So you say the rest of the half is not good enough to support other components???


----------



## Cilus (Jun 13, 2011)

Skud said:


> So you say the rest of the half is not good enough to support other components???



No. Because in the guru3d GPU power measurement, they only stress the GPU, not CPU and other components. They clearly mentioned if a CPU intensive application is also running along with the GPU (for example our games), you have to add another 130-140W to the power consumptions. Then there are other components, too.
As you guys know that the power given in the 12V rail matter most rather than the total wattage. Now CM Silent pro can provide maximum of (40A X 12V)=480W in the 12V rail and just for CPU+GPU the power consumption is (300+130)W =430W, 90% of the 12V rail's power.

So rest is not that much to provide power to other components in load conditions.


----------



## rajan1311 (Jun 13, 2011)

Cilus said:


> That is the whole system power consumption, not the GPU only power consumption.



Its actually only the GPU consumption....see the link i have given, read the last line... 
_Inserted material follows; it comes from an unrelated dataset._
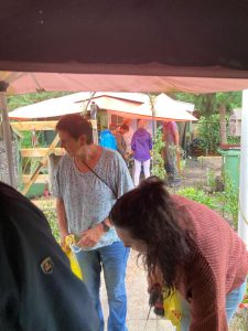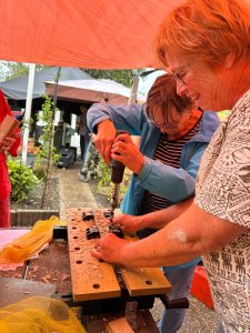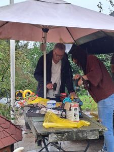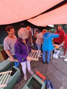 Leo had er voor gezorgd dat er droog gewerkt kon worden, want het was een regenachtige dag. Onder een grote tuinparasol en dekzeil werd er druk gezaagd, geboord en veel gelachen. Het resultaat was dat eenieder, volgens een bouwtekening van Eduard, een mooi wormenhotel als eindproduct kreeg.

also, the PSU is most efficient at 50% load, hence least heat is generated at these levels, hence safest...


----------



## Cilus (Jun 13, 2011)

No it is not. Check the tom'shardware GTX 460 SLI review page. Here it is clearly mentioned that 470W is the total system power consumption.
For guru3d, check *this *page.


----------



## rajan1311 (Jun 16, 2011)

arey see what you have linked to...see the Guru3D page...it clearly says you need a good 650-700W PSU for SLI...the CM 600 has 40A, my 550VX has 41A...


----------



## vickybat (Jun 16, 2011)

In that case op can go for a gtx 570 especially the *asus gtx 570 direct cu II @ 19.9k*. Its non reference , has 8 phase power design, no vrm issues and can be overclocked to match and surpass a gtx 580 performance. 
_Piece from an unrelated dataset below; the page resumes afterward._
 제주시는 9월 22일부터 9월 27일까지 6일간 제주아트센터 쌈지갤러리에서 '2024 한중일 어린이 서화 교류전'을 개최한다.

Op's 600w psu can handle this easily.  

Else he can go for a 6850cf which consumes less power relatively than a 460 and 560 sli.


----------



## tkin (Jun 16, 2011)

vickybat said:


> In that case op can go for a gtx 570 especially the *asus gtx 570 direct cu II @ 19.9k*. Its non reference , has 8 phase power design, no vrm issues and can be overclocked to match and surpass a gtx 580 performance.
> 
> Op's 600w psu can handle this easily.
> 
> Else he can go for a 6850cf which consumes less power relatively than a 460 and 560 sli.


Where do you see the 570 DCII in india? Is it even available here?


----------



## vickybat (Jun 16, 2011)

^^ check lynx india. besides its also available with rashi peripherals.


----------



## tkin (Jun 16, 2011)

vickybat said:


> ^^ check lynx india. besides its also available with rashi peripherals.


Hmm, rashi? I'd not go there, and I don't trust lynx honestly, they once delayed my purchase to oblivion, any other retailers stocking these?


----------



## vickybat (Jun 16, 2011)

^^ Rashi are the only distributors that stock asus products. Apart from kolkata, rashi peripherals offer good service everywhere.

Especially in my place i.e bbsr, rashi are very good. Apart from lynx, i couldn't find it anywhere.


----------



## tkin (Jun 16, 2011)

vickybat said:


> ^^ Rashi are the only distributors that stock asus products. Apart from kolkata, rashi peripherals offer good service everywhere.
> 
> Especially in my place i.e bbsr, rashi are very good. Apart from lynx, i couldn't find it anywhere.


Rashi is not bad in kolkata either, at least for asus stuff, they will just delay you by months and if you give xfx stuff they become jumpy.


----------